* Work instruction:
Lines from the beginning of the material below through the line that has "Suoi Vat is" are to be reproduced exactly, but pictures are not.

* Supplied information:
----------
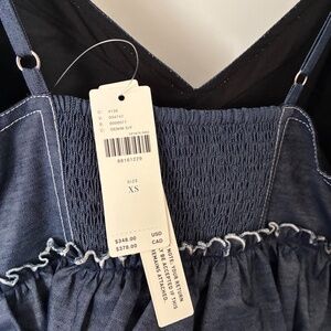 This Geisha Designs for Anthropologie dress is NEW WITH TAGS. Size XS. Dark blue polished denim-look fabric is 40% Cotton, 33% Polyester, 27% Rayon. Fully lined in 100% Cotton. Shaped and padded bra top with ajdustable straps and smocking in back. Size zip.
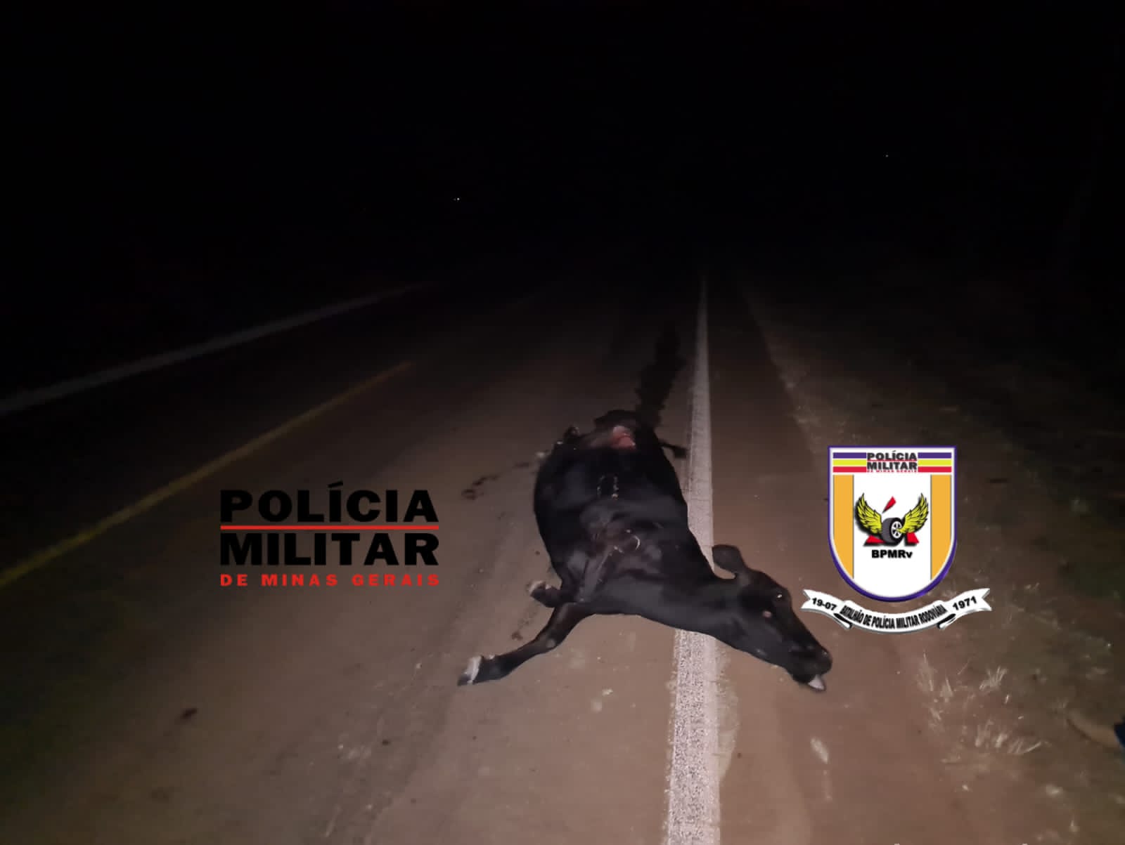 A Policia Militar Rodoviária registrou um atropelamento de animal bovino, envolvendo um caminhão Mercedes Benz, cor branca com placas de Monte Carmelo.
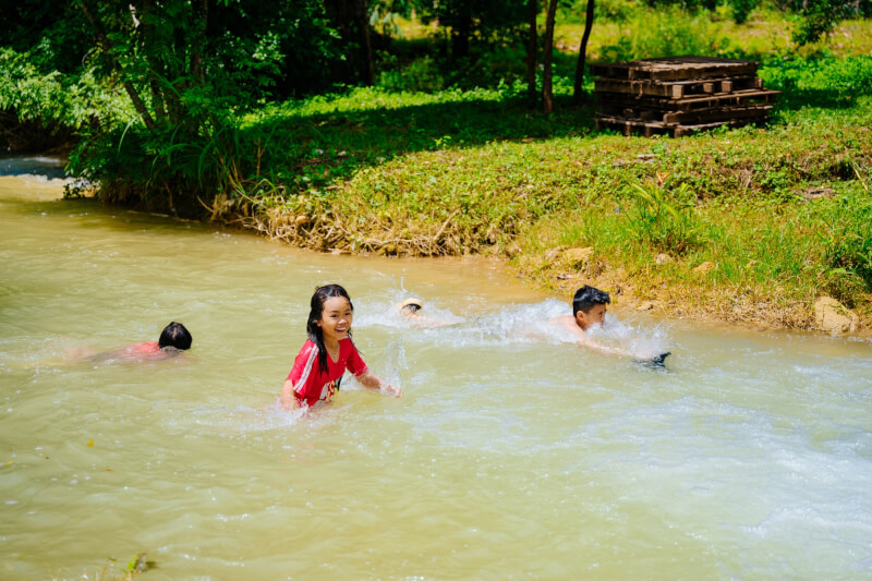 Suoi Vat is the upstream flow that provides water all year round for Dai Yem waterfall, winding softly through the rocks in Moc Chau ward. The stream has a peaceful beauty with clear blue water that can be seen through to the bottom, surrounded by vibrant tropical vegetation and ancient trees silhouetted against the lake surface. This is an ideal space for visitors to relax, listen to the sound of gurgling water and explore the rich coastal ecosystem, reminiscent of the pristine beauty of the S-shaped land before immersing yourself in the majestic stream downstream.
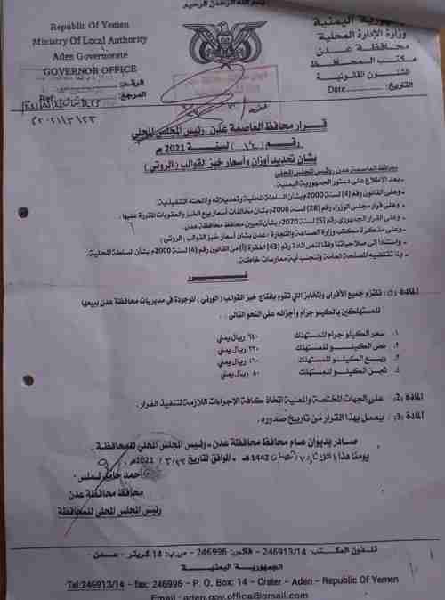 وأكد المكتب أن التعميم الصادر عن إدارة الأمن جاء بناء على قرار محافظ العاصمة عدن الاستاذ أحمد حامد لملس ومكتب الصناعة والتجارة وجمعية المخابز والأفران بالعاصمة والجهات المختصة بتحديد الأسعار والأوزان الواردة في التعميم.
----------
* Response to this task:
 This Geisha Designs for Anthropologie dress is NEW WITH TAGS. Size XS. Dark blue polished denim-look fabric is 40% Cotton, 33% Polyester, 27% Rayon. Fully lined in 100% Cotton. Shaped and padded bra top with ajdustable straps and smocking in back. Size zip.
 A Policia Militar Rodoviária registrou um atropelamento de animal bovino, envolvendo um caminhão Mercedes Benz, cor branca com placas de Monte Carmelo.
 Suoi Vat is the upstream flow that provides water all year round for Dai Yem waterfall, winding softly through the rocks in Moc Chau ward. The stream has a peaceful beauty with clear blue water that can be seen through to the bottom, surrounded by vibrant tropical vegetation and ancient trees silhouetted against the lake surface. This is an ideal space for visitors to relax, listen to the sound of gurgling water and explore the rich coastal ecosystem, reminiscent of the pristine beauty of the S-shaped land before immersing yourself in the majestic stream downstream.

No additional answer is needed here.